It makes the urban dialogue more inclusive and it makes the sensory and emotional experience of the city much richer. And all of that also adds to the interaction between people helping and inspiring each other, and setting off ideas for other projects and initiatives. This potential for urban innovation has to be seen in the perspective of the beautifully designed public squares of the “Urban Renaissance” and the talk about the chance encounter in these public spaces. In many cases these very controlled and often market dominated spaces (often the success criteria is that there are a lot of people there drinking cafe latte) are the opposite of “Opbyggerne.” In the urge for beauty, these spaces becomes architectural monuments, unable to be appropriated, but predictable and popular with the interests that wants to make money there – not that far from the shopping centre: “a mall without walls.”

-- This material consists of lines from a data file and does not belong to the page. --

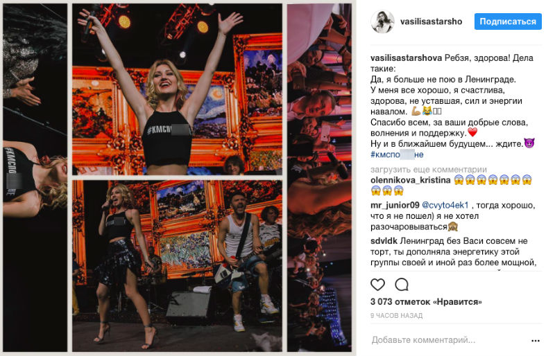 - Ребзя, здорова! Дела такие: Да, я больше не пою в Ленинграде. У меня все хорошо, я счастлива, здорова, не уставшая, сил и энергии навалом. Спасибо всем, за ваши добрые слова, волнения и поддержку. Ну и в ближайшем будущем... ждите, - написала певица.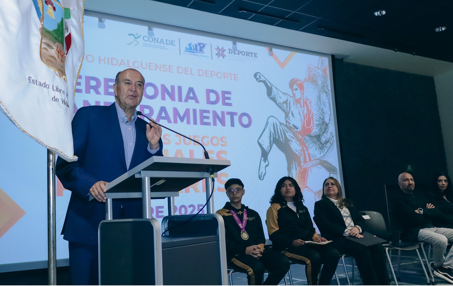 Pachuca de Soto, Hgo., 29 de octubre de 2025.- El secretario de Educación Pública de Hidalgo, Natividad Castrejón Valdez, encabezó el Abanderamiento de la Delegación Hidalguense rumbo a los Juegos Nacionales Populares 2025, en donde participarán 87 atletas en diferentes disciplinas del 2 al 11 de noviembre en Oaxtepec, Morelos.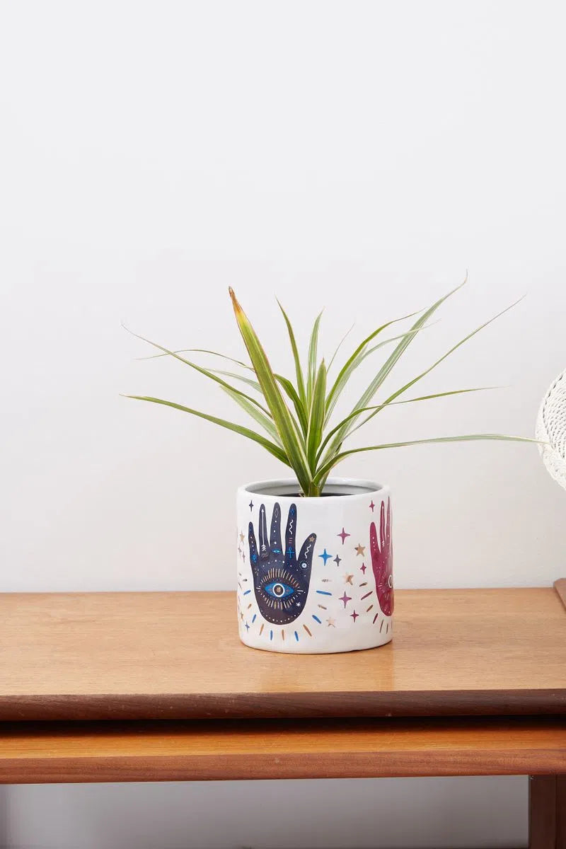 Bring a touch of culture and charm to your home décor with the Hand Design Planter. This hand-painted pot is inspired by henna hand paintings and is sure to make your space more vibrant. Add a timeless bohemian flair to your indoor garden and enjoy long-lasting beauty.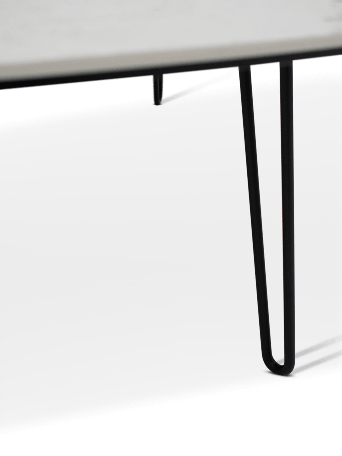 De slanke, zwart metalen poten geven de tafel een luchtige en hedendaagse look. Ze zorgen niet alleen voor een stevige ondersteuning, maar versterken ook het minimalistische karakter van het geheel.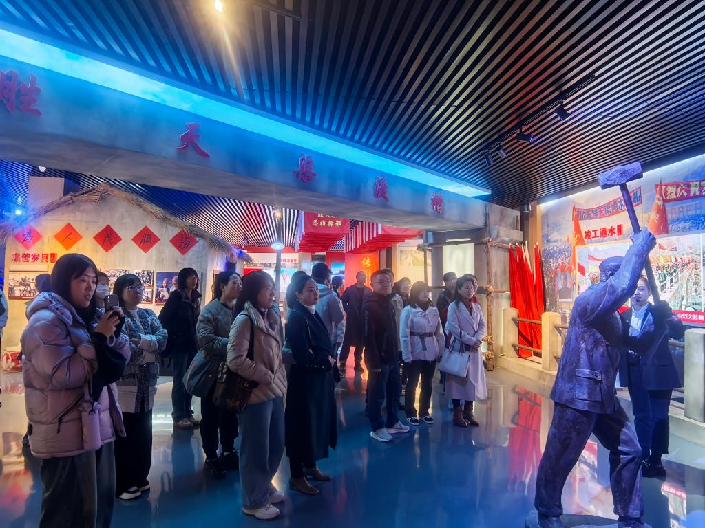 上午9时,党员们抵达胜天渠纪念馆。在讲解员带领下,大家通过珍贵图片、实物和影像,重温上世纪七十年代张坊公社干部群众在党的领导下,历时两年零两个月,靠钢钎铁锤在悬崖峭壁上凿出21公里“生命渠”的壮举。老党员王秀清“铁锤砸头仍不下火线”的故事,让现场每一位党员都深受触动。老师们表示要把“自力更生、艰苦创业、无私奉献、团结协作”的胜天渠精神转化为推动职业教育高质量发展的强大动力,投入到教育教学工作中。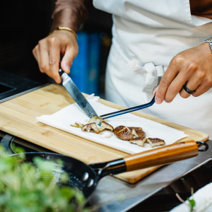 Máme tu čtyři kuchaře a stážistu. Číšníci na servisu jsou také kuchaři. Občas musí uvařit omáčku a dokončit jídlo s kuchaři.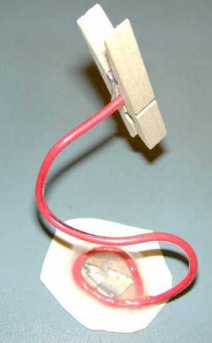 attached to a relative heavy wire. This can be bent to position the clamp and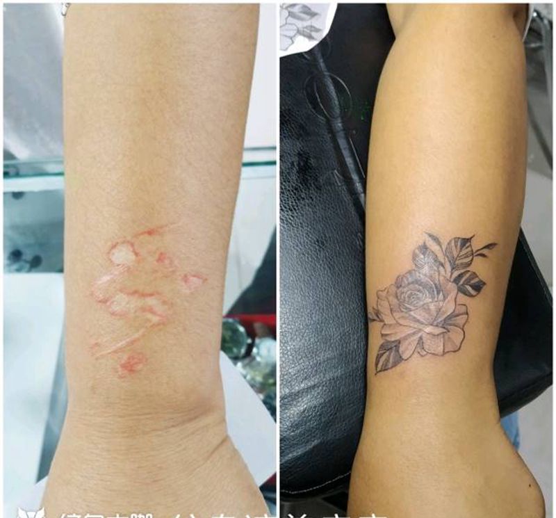 素花遮盖疤痕纹身图片_手部手臂点刺纹身图案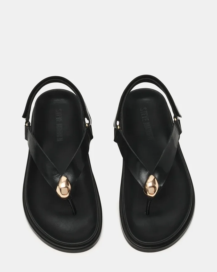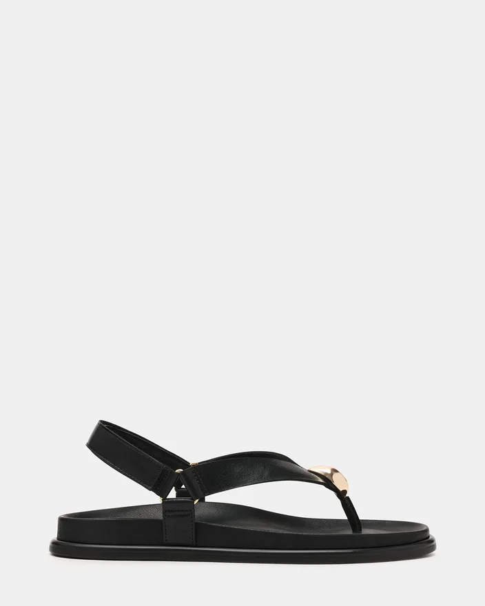 L’eleganza disinvolta incontra il comfort quotidiano con il sandalo infradito Elvia in pelle nera, progettato con un cinturino Slingback di sostegno che mantiene il piede ben saldo per tutta la giornata. Il plantare sagomato offre sostegno all’arco plantare e ammortizzazione per un uso quotidiano, mentre i delicati dettagli dorati aggiungono un tocco finale raffinato. Perfetto per passare da uscite Casual a serate rilassate, questo modello versatile combina un design pratico con una raffinatezza sobria.
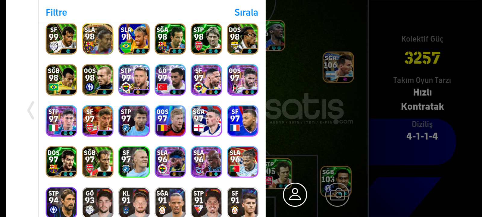 Hesap çok iyi iki tane bombacı varEksi mc yokRezerv iyiSüperlig kadrosu varTek bağEksi mc yokAldığınız an aktif olurum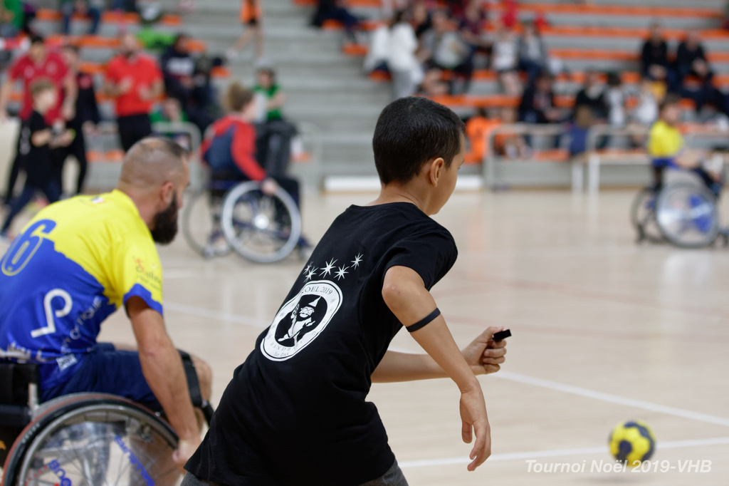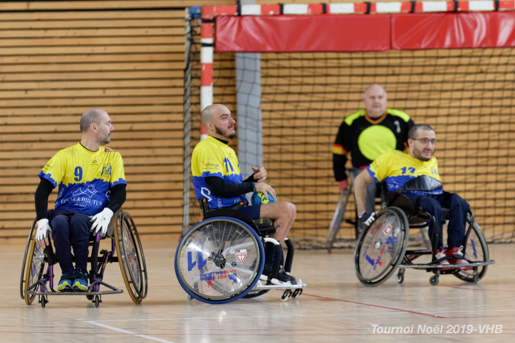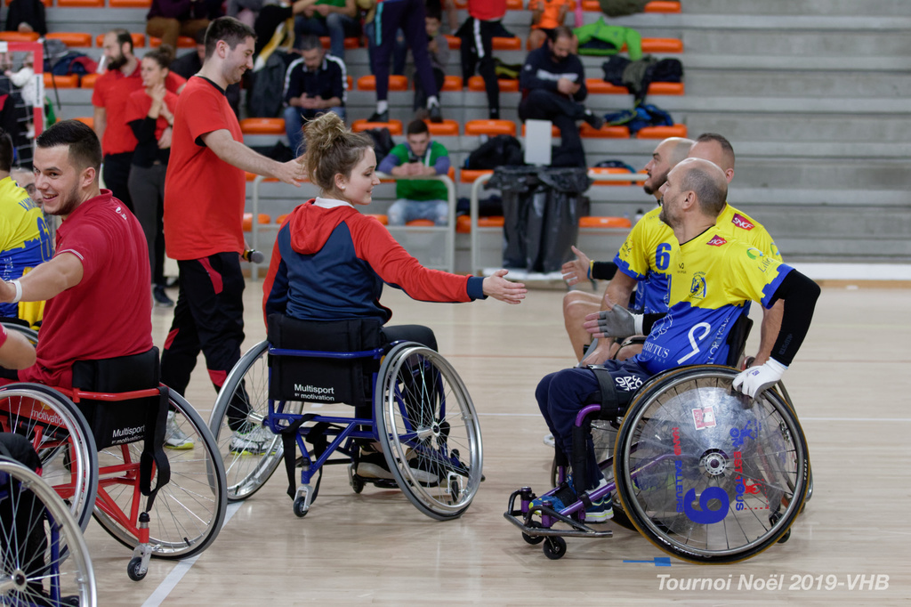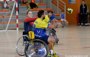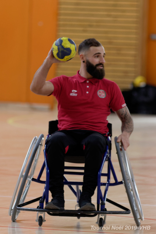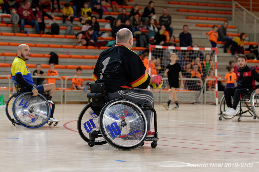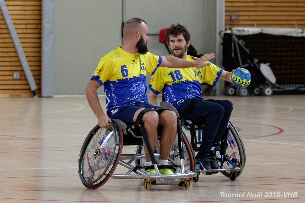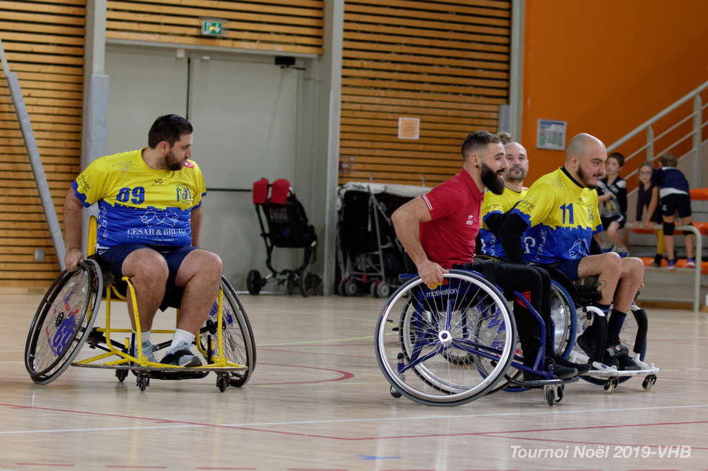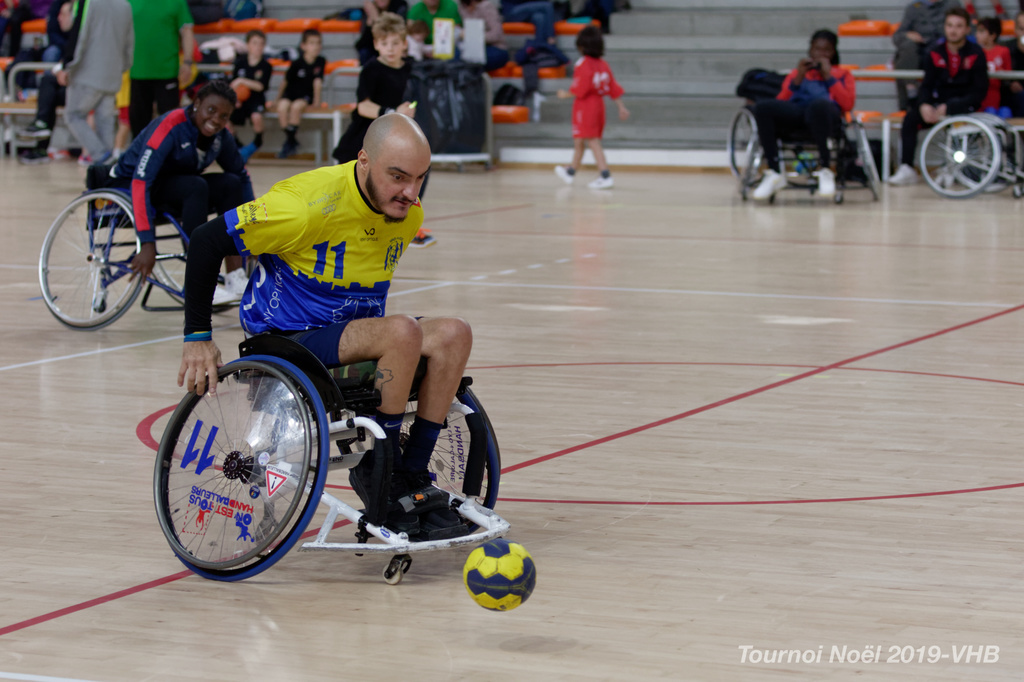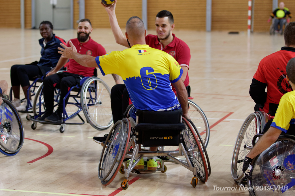 Démonstration de HandFauteuil lors du Tournoi de Noël 2019 qui a eu lieu à Arnas. Les joueuses de D2 du club de l'ASUL Vaulx-en-Velin ainsi que les joueurs de N2 du club de Villefranche-sur-Saône se sont confrontés à la section HandFauteuil du club de Caluire.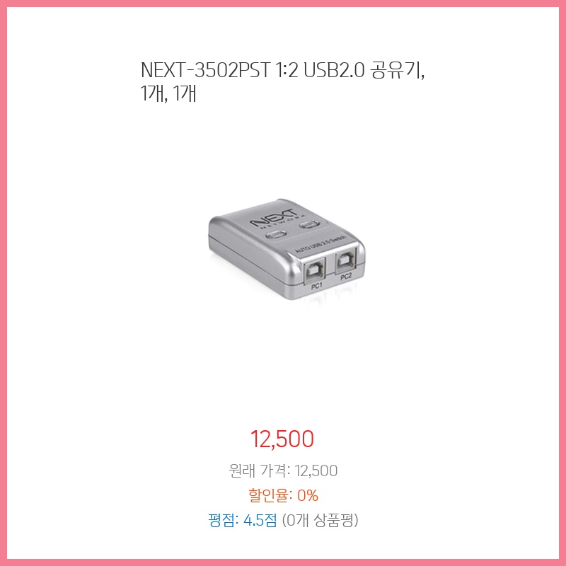 USB공유기, NEXT3502PST, USB20공유기, 공유기추천, 1대2공유기, USB허브, 데이터공유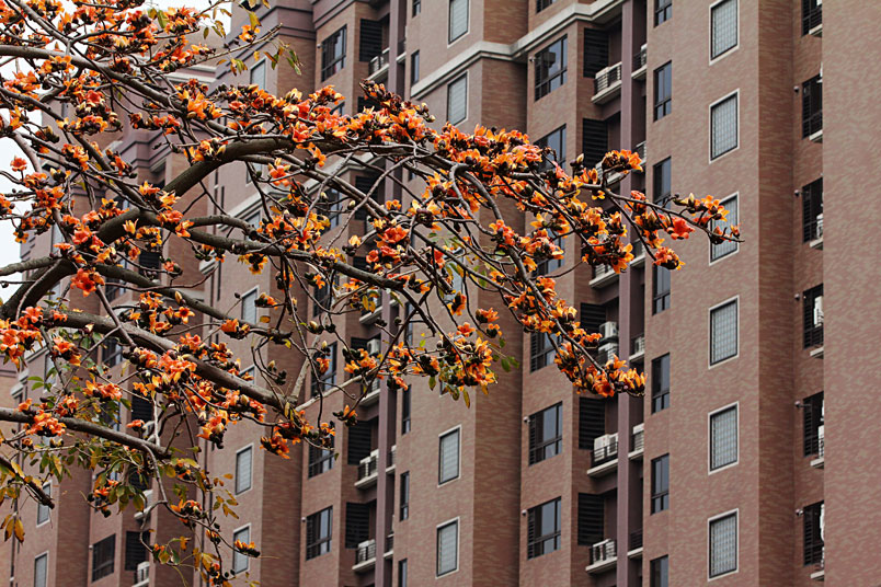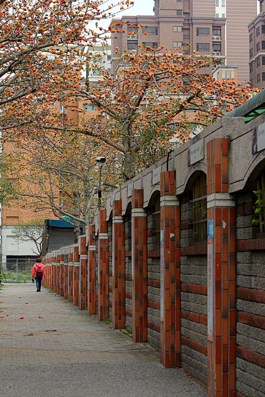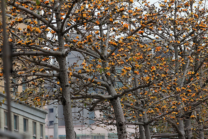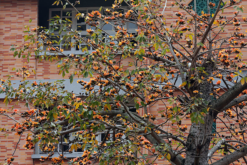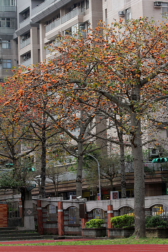 高挺的樹形,水平伸展的樹枝,樹枝上開滿 橙紅的花朵。不時,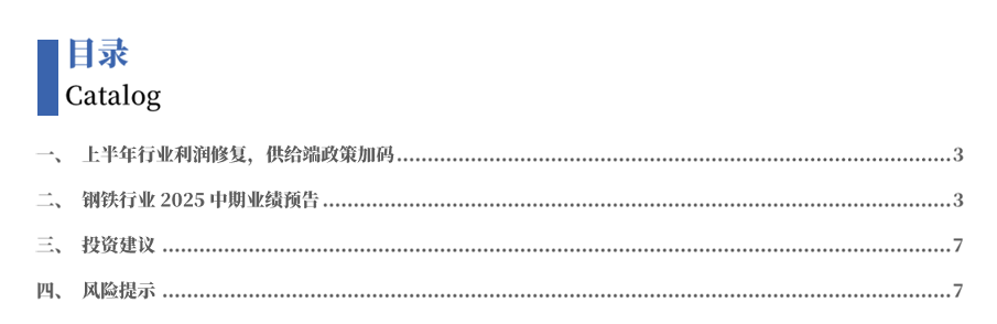 近日钢企陆续分布2025上半年业绩预告,龙头钢企归母净利润高增,部分钢企利润同比减亏,钢铁行业整体盈利能力修复。在供给侧反内卷持续推进的背景下,钢铁行业产能持续向优质龙头集中,我们认为行业有望持续受益于基建项目需求释放和反内卷产能调控加速,细分龙头及业绩改善是重点关注方向。

The potential for “urban innovation” could be exemplified with the goal of “unplanned collaboration” of Pixar, the computer animated movies studio behind movies like “Finding Nemo”  og “Wall-e”. Their first success was created in the typical surroundings of a start up company: run down buildings in an unattractive area that made the rent cheap but maybe more importantly the building(s) were possible to appropriate and if you wanted a hole in the wall thats what you just made. So it had many possibilities for spontaneous and improvised appropriation of that space and when the company needed to get everybody “under one roof” to avoid the fragmentation that came from sitting in many separate localities they build with the goal of “unplanned collaboration.” The result doesn’t look fancy from the outside and inside it has the aesthetics of a classic factory building with a large common space as the equivalent of a “public space” that can de changed into what the situation takes – the fun company gathering or building large scale mockups of movie sets. More important is probably how they kept the possibility of appropriating the personal workspaces and in that way the personal space becomes an expression of what you like and who you are. To free the full urban potential one have to move from the less ambitious goal of chance encounters to the much more dynamic goal of “unplanned collaboration”.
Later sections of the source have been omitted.